(WHAT THE TASK ASKS) Reading the records below, count the lines in which the string "Control" appears; write the number only.

[Start of Attachment]

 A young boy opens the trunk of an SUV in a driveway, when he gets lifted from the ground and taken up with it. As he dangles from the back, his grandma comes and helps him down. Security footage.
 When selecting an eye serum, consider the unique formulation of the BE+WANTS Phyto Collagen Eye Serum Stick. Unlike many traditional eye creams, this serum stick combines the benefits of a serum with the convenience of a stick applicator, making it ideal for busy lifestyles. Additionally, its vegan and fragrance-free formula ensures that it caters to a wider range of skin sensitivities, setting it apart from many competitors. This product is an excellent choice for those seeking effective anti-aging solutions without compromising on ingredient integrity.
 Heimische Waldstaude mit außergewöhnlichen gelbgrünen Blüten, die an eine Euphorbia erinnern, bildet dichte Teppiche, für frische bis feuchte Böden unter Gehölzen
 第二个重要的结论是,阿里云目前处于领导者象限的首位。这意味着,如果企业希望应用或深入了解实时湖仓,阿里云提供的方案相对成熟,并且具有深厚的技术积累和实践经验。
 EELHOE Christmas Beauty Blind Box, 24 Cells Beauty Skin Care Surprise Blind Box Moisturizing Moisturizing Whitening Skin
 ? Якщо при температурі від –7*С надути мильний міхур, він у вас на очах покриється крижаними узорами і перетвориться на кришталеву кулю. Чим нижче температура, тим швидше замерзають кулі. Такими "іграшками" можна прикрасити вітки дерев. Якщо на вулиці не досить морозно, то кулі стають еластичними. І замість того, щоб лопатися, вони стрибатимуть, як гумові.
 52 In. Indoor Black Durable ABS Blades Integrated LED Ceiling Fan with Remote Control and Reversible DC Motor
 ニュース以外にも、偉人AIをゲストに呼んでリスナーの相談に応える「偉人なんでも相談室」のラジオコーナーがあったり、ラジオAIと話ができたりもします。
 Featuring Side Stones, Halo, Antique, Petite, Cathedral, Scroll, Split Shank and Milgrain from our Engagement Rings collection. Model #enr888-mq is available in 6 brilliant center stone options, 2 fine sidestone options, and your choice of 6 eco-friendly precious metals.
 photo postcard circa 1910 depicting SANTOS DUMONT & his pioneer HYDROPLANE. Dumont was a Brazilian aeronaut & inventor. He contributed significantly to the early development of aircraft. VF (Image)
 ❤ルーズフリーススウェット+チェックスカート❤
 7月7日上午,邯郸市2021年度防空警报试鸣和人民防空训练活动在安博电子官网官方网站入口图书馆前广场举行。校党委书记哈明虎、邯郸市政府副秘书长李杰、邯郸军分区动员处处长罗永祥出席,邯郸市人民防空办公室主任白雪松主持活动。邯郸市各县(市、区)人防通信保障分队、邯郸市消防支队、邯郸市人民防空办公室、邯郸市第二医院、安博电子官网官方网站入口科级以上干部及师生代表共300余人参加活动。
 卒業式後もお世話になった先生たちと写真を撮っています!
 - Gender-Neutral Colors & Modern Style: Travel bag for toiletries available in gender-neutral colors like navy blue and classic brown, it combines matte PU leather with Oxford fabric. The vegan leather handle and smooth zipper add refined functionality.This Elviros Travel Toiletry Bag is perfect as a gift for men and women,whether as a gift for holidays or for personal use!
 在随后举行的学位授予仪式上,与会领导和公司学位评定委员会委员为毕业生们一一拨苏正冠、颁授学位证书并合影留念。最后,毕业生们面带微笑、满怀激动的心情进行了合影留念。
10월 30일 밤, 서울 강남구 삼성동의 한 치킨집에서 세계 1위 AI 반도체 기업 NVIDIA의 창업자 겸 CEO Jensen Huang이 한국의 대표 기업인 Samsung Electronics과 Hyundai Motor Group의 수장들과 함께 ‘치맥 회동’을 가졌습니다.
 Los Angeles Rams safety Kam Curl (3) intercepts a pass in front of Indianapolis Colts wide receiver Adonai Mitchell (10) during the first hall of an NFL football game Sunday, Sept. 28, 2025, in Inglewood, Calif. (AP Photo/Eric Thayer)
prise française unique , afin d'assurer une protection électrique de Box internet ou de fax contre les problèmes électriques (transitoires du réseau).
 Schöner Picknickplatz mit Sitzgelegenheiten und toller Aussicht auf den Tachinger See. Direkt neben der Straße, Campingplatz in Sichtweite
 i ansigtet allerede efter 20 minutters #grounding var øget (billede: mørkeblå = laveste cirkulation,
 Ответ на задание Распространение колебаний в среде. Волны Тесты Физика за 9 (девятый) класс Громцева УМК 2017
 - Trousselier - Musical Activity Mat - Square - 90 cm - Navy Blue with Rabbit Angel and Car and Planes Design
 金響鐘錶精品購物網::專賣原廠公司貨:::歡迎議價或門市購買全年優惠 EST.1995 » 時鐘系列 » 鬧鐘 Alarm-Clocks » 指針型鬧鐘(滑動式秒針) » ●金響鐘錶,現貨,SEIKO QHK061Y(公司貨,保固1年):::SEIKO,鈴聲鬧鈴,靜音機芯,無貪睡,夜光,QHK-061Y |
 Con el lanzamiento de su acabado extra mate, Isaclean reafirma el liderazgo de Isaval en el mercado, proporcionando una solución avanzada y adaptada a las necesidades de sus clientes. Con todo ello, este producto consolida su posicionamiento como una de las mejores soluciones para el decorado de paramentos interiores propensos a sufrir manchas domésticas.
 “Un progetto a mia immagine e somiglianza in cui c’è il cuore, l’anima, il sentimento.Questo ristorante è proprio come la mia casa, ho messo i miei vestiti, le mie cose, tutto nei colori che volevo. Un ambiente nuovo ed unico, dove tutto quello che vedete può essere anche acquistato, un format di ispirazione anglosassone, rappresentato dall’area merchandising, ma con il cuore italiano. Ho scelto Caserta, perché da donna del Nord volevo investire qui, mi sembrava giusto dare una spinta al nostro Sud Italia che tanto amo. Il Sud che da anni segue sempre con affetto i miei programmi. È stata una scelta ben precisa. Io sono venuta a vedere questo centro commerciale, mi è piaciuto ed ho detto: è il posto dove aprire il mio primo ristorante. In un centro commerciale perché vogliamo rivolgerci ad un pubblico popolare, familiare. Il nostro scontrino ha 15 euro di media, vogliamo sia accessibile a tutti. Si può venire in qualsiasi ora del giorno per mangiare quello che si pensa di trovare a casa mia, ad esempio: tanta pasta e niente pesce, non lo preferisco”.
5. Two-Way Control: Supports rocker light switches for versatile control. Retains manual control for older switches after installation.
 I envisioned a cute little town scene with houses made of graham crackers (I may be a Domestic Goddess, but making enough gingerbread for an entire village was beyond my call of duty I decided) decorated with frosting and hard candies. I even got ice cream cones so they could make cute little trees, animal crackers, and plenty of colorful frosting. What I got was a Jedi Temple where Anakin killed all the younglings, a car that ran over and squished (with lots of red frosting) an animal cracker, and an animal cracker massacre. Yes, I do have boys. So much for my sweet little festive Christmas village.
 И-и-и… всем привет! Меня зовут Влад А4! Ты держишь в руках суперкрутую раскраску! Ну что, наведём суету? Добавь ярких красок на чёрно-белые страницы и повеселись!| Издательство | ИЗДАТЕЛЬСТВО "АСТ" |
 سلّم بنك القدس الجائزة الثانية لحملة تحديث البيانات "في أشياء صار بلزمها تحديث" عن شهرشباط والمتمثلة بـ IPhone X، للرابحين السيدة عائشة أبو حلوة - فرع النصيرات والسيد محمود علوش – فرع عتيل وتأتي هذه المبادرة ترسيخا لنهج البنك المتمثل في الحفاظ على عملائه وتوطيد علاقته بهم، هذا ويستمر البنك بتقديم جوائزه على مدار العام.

[End of Attachment]

(RESPONSE TO THIS TASK) 2